Your copy should match the records exactly, except that it contains no pictures.

### Supplied records:
++++++++

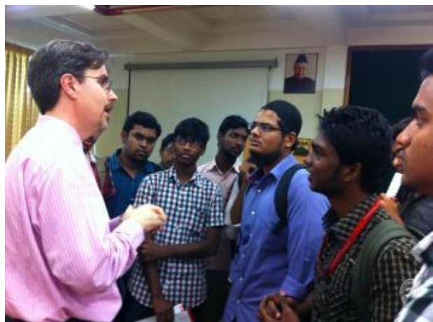
He delivered a special lecture on the title "On the Many Uses of Mobile Device Sensor Data" to the Students and Faculty from School of Computer, Information and Mathematical Sciences.
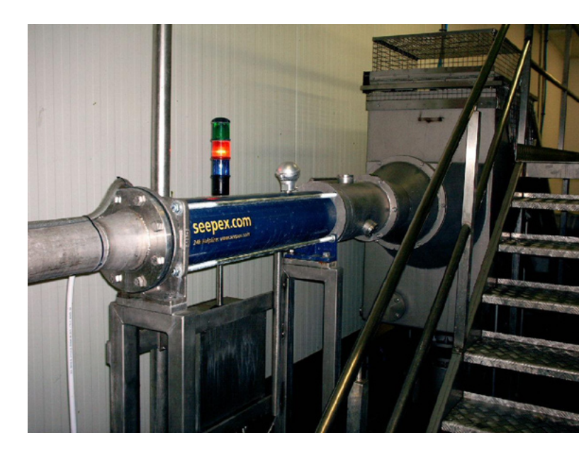
seepex BTM pump with integral stone trap and cutting knives handles waste vegetables, replacing both widethroat pump with grinder and the screw conveyor

Starting with a blank canvas the seepex project team analysed the waste removal operation and put together a turn-key package for the customer. This package involved design, supply, installation and commissioning of a full waste transfer and dewatering system.
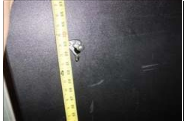
Women's Restroom at the Tennis Courts

Full Rec: Remount the coat hook on the stall door designated to be accessible in the restroom to a maximum height of 48 inches above the floor surface.
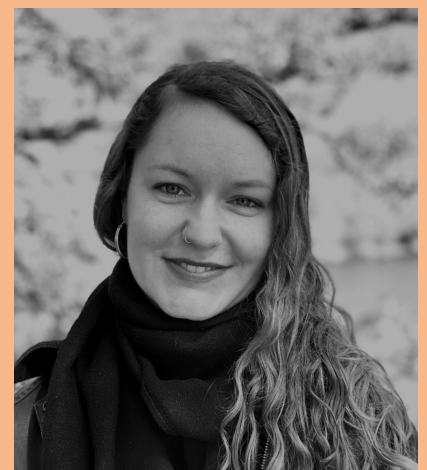
Sia (she/her/they) German, English, Swedish, French
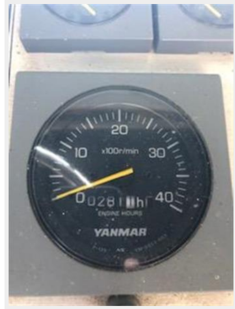
#37 Starboard Side Engine
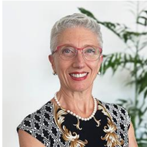
CPO of Babubu – E-commerce Platform
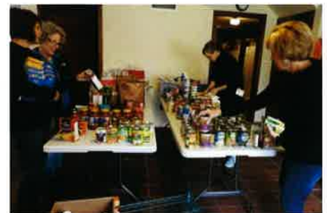
Volunteers at Immanuel Presbyterian sort the donations from a local food drive.

THANK YOU to SchrecDesign for volunteering their services to design our Annual Report! Email SchrecDesign@comcast.net
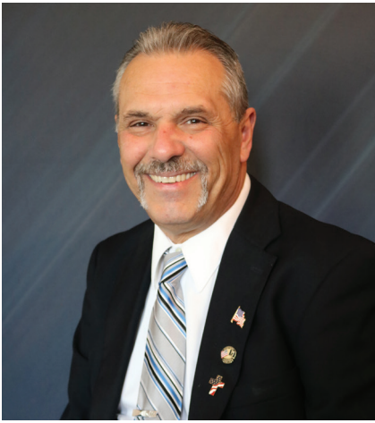
Mayor Nick Guccione
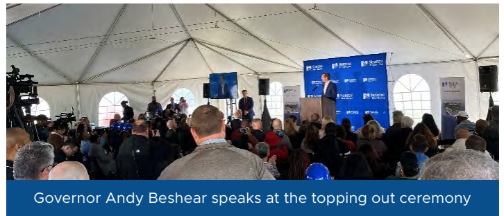
Governor Andy Beshear speaks at the topping out ceremony

On Wednesday, October 18, Norton Healthcare held a topping out ceremony for its hospital being constructed on the Opportunity Campus – the first hospital west of Ninth Street in more than 150 years. Goodwill joined in on the celebration, which included installation of the final steel beam.
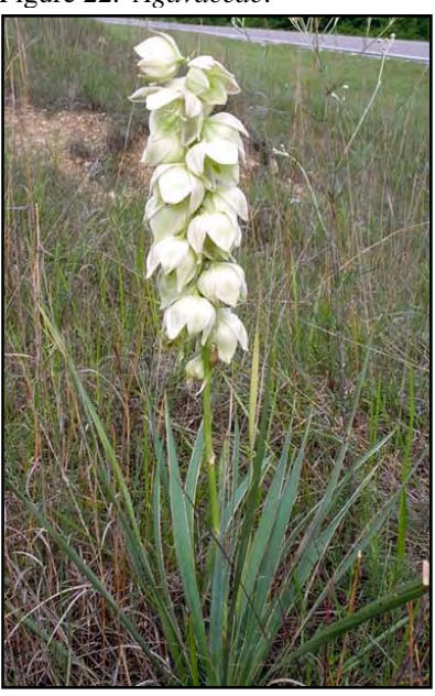
Figure 22. Agavaceae.
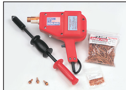
JO1500 - PROFESSIONAL KIT
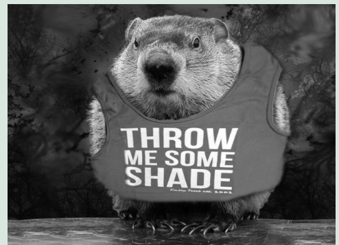
Catchy items for sale, like this tank top, help raise funds and provide opportunities to deliver the organization's message.

Taken together, these methods of communication catch attention and provide an opportunity for people to contribute and/or share the information through their own digital channels. Fundraising also provides the ability to display and sell branded merchandise that helps show the benefits of Casey's tree-planting programs.
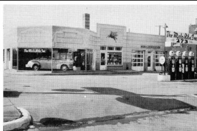
The new location of MotoRite, Inc., Studebaker dealers in St. Louis, Mo., permits a diversification of business that is conducive to consistent profits. Revenue from their modern gasoline station supplements the income from their equally modern service station which includes an excellent parts department, a customer waiting room, two lubrication boists, and four stalls for customer work. A large parking area is provided in the rear. The shadow of the Authorized Service Sign, which is mounted on a post at the curb, can be seen on the pavement foreground. (Parts & Accessory News April 15, 1942)
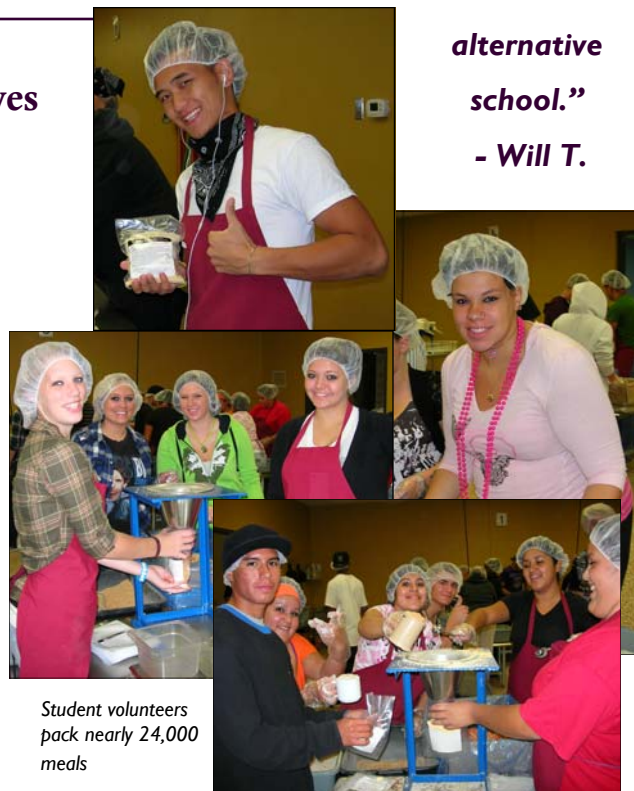
Student volunteers pack nearly 24,000 meals

For more information of FMSC check out: http://www.fmsc.org
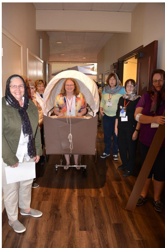
The Kansas pioneers waiting for their entrance.
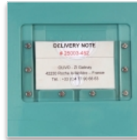
Embedded label holder
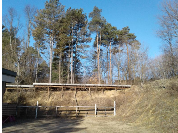
Neighbor structures in sight

++++++++

### Output for this exercise:
He delivered a special lecture on the title "On the Many Uses of Mobile Device Sensor Data" to the Students and Faculty from School of Computer, Information and Mathematical Sciences.
seepex BTM pump with integral stone trap and cutting knives handles waste vegetables, replacing both widethroat pump with grinder and the screw conveyor

Starting with a blank canvas the seepex project team analysed the waste removal operation and put together a turn-key package for the customer. This package involved design, supply, installation and commissioning of a full waste transfer and dewatering system.
Women's Restroom at the Tennis Courts

Full Rec: Remount the coat hook on the stall door designated to be accessible in the restroom to a maximum height of 48 inches above the floor surface.
Sia (she/her/they) German, English, Swedish, French
#37 Starboard Side Engine
CPO of Babubu – E-commerce Platform
Volunteers at Immanuel Presbyterian sort the donations from a local food drive.

THANK YOU to SchrecDesign for volunteering their services to design our Annual Report! Email SchrecDesign@comcast.net
Mayor Nick Guccione
Governor Andy Beshear speaks at the topping out ceremony

On Wednesday, October 18, Norton Healthcare held a topping out ceremony for its hospital being constructed on the Opportunity Campus – the first hospital west of Ninth Street in more than 150 years. Goodwill joined in on the celebration, which included installation of the final steel beam.
Figure 22. Agavaceae.
JO1500 - PROFESSIONAL KIT
Catchy items for sale, like this tank top, help raise funds and provide opportunities to deliver the organization's message.

Taken together, these methods of communication catch attention and provide an opportunity for people to contribute and/or share the information through their own digital channels. Fundraising also provides the ability to display and sell branded merchandise that helps show the benefits of Casey's tree-planting programs.
The new location of MotoRite, Inc., Studebaker dealers in St. Louis, Mo., permits a diversification of business that is conducive to consistent profits. Revenue from their modern gasoline station supplements the income from their equally modern service station which includes an excellent parts department, a customer waiting room, two lubrication boists, and four stalls for customer work. A large parking area is provided in the rear. The shadow of the Authorized Service Sign, which is mounted on a post at the curb, can be seen on the pavement foreground. (Parts & Accessory News April 15, 1942)
Student volunteers pack nearly 24,000 meals

For more information of FMSC check out: http://www.fmsc.org
The Kansas pioneers waiting for their entrance.
Embedded label holder
Neighbor structures in sight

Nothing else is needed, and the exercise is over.